I also tested the optional Lightning Tails, which give the snowshoes another 5 inches (13 cm) of length. Since the snowshoes I tested are 25 inches (64 cm) long, I found the tails to be overkill most of the time, and they limit maneuverability. The tails are a more useful option if you choose the shorter version of the snowshoes.
Like any metal frame snowshoe, the Lightning Flash ices up in certain conditions, usually when going from wet snow to colder snow in the shade. The solution is to spray the bottom of the snowshoe with silicone or WD-40.
Comparison with the Northern Lites Elite Snowshoe
While the MSR Lightning Flash is not the lightest snowshoe to be found, it could rightfully lay claim to the title of lightest high-traction snowshoe. The Northern Lites Elite is the lightest snowshoe; so how do the two compare?

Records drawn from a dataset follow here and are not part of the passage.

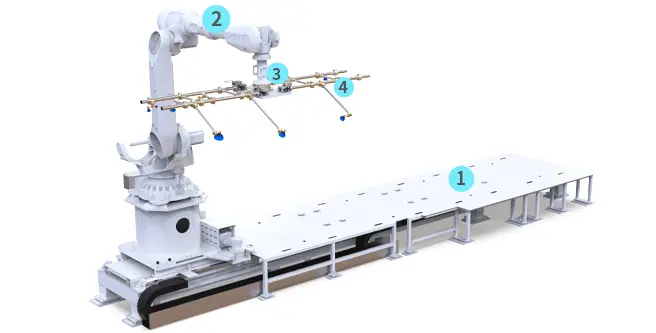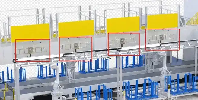 Each group of robots is equipped with a 2D industrial camera installed above the conveyor, with special visual lighting protection area to prevent interference from external light sources;
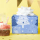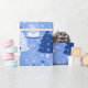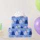 Blue and white Christmas trees with winter snow globes and snowflakes.
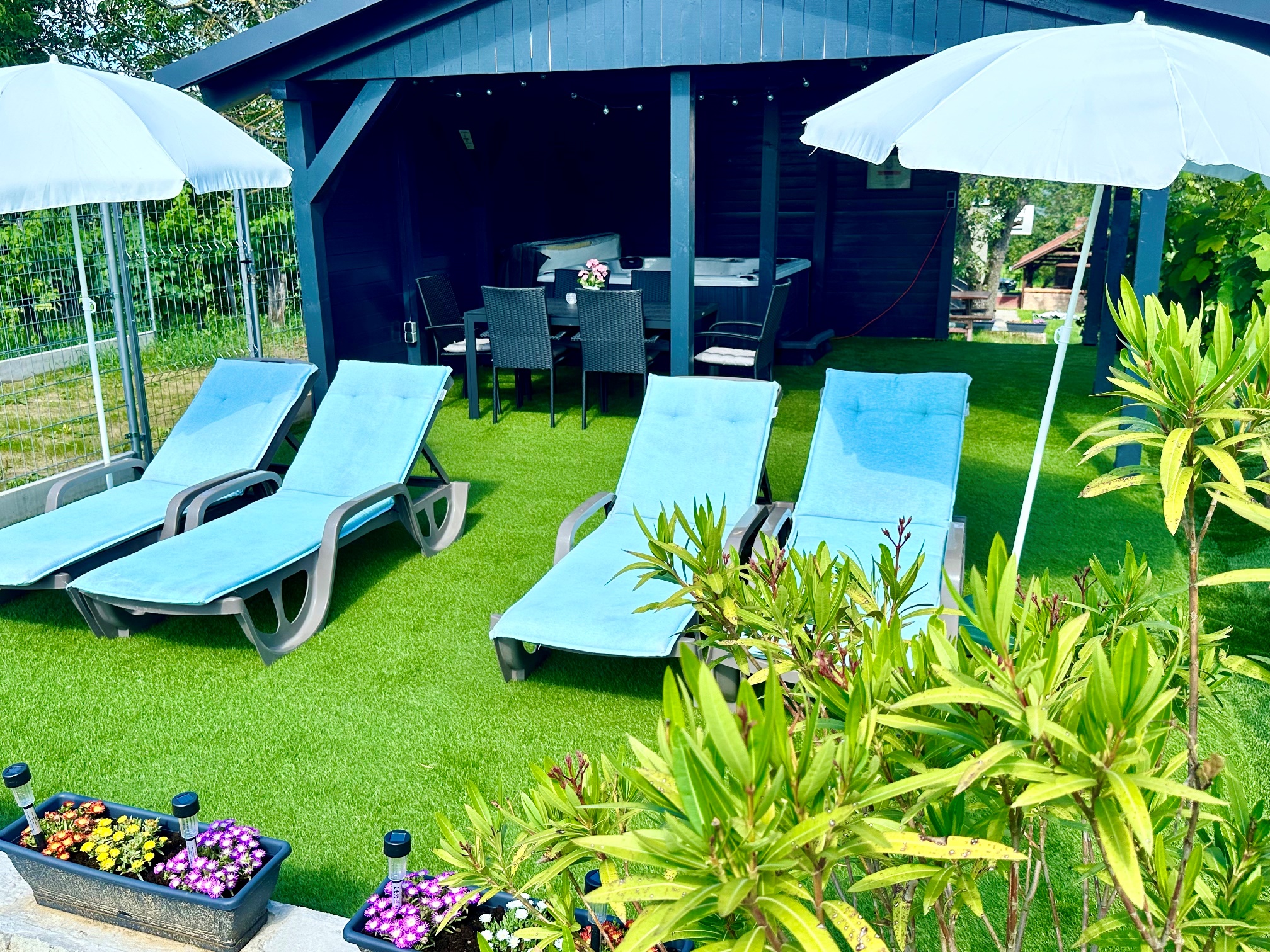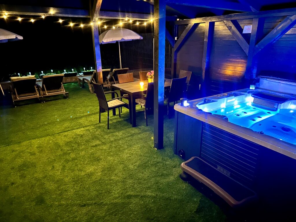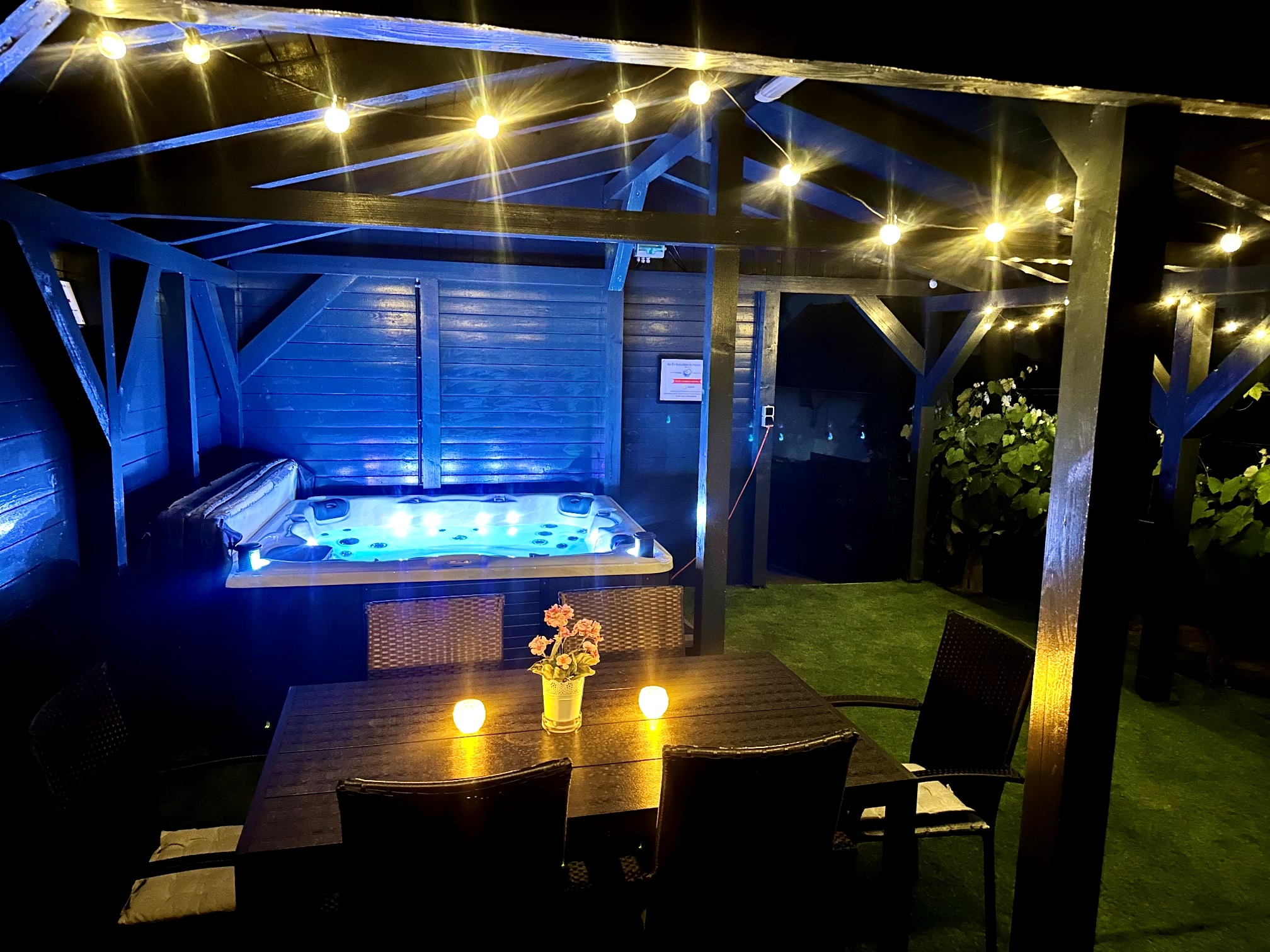 A hatalmas zöld udvaron, a panzió mögött kerti kiülő található korlátlanul használható jacuzzival. Bográcsozási és grillezési lehetőség is rendelkezésetekre áll, tűzifával. Árnyékos kutyafuttató kutyakennellel, hogy kutyusotokat is biztonságban tudjátok, ha esetleg néküle terveztek programot.

The MSR Lightning Flash (left) compared with the Northern Lites Elite (right). The difference in traction is obvious. Note on the Elite that the numerous nylon clamps around the frame have a ridge on them to provide some peripheral traction.
Both snowshoes are the same size: 8 inches wide and 25 inches long (20 cm x 64 cm). The Flash has more surface area on the snow because it’s not upturned as much on the front and has less taper on the tail. The difference in traction capability is obvious in the photo above; you can almost climb trees with the Lightning Flash, but the Elite has less aggressive traction and is more comfortable on moderate terrain. One situation where you notice a big difference is when sidehilling on firm snow; the Flash does not slide sideways, but the Elite breaks loose.
The weight difference is not that large: the measured weight of the Flash is 3 pounds 6 ounces (1.53 kg) per pair, and the Elite weighs 2 pounds 6.1 ounces (1.08 kg) per pair, a difference of 1 pound (454 g). Yes, a pound (454 g) is significant if you are carrying the snowshoes, but the choice gets down to whether you need the extra traction or not. In gentle to moderate terrain, the Elite (which has aluminum alloy crampons) is adequate; but in steeper terrain and sidehills, the Lightning Flash is king.
Another factor to consider is the Northern Lites Elite costs a bit more, US$219 versus US$200 for the MSR Lightning Flash.
Overall, the MSR Lightning Flash is the lightweight high-traction king of the mountain. Its SpeedLock binding works well once adjusted, but adjusting it can be humbling.